Hyperpole in the Le Mans 24 Hours race is a run-off between the fastest 24 of the 62 cars to determine the positions on the starting grid. Generally, it involves the first six qualifiers of each class on the track, amounting to 24 cars, but for this year, only 23 cars will compete in the Hyperpole. It’s because there are only five Hypercar entries, who all progress straight into the half-hour session.

In 2020, Hyperpole was introduced for the first time by the Automobile Club de l'Ouest (ACO) to allow cars to demonstrate pure speed on the 13.626 km long circuit for Le Mans 24 Hours race. The outcome would give the top six places in each class on the starting grid.
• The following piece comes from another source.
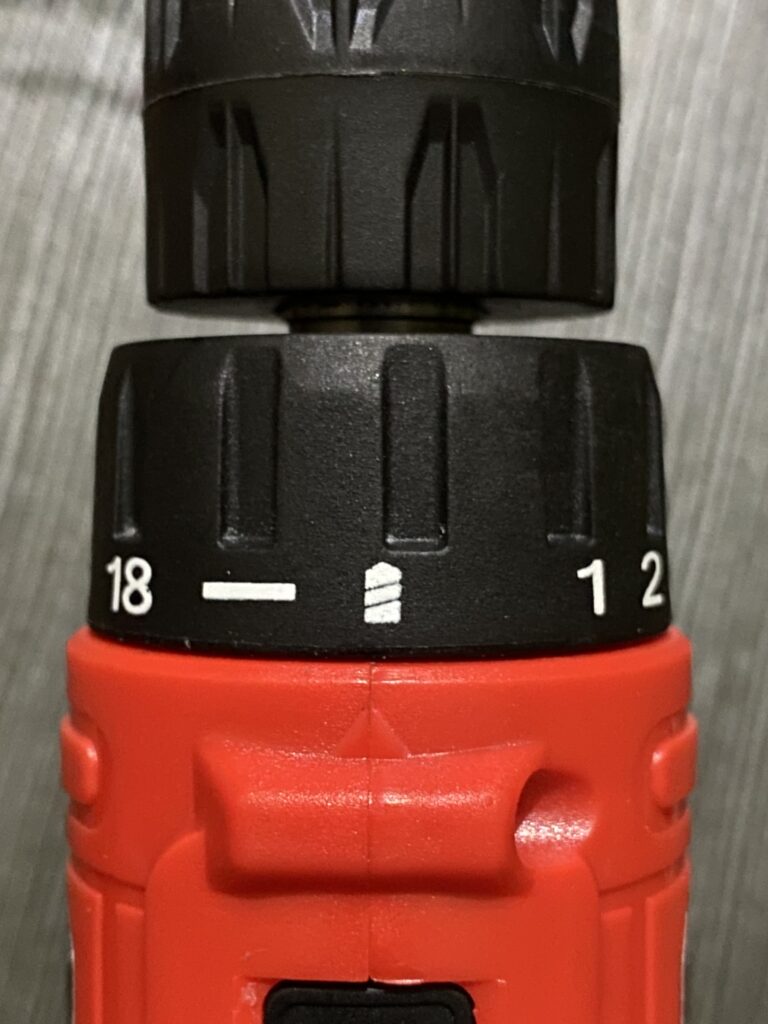 - Select “Drill mode” on the torque adjustment ring. This is the last setting on the 18-position torque gear, usually marked with a drill bit icon.
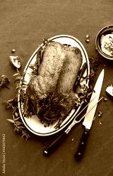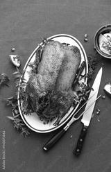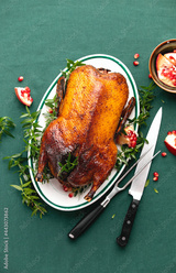 Roasted goose with caramelized crust, served with pomegranate, top view

Back then, Pierre Fillon, the President of ACO talked at length about the reasons why Hyperpole was introduced in the first place. He was quoted as saying, “(It will be) guaranteeing two exciting sessions for both drivers and spectators, where all the focus will be on sheer speed in a quest for the perfect lap. Adrenalin, suspense and concentration will be at a max for every team out there.”

“It will be a thrilling prelude to the ensuing 24-hour battle on our iconic 13 km track. Le Mans will once again be a celebration of racing that goes on for several days, and not just a weekend,” he further stated.

Furthermore, during Hyperpole, competitors are free to choose their tyres, but it is limited to eight for the whole session. Also, they are not allowed to return to the pits to refuel while the half-hour session goes on.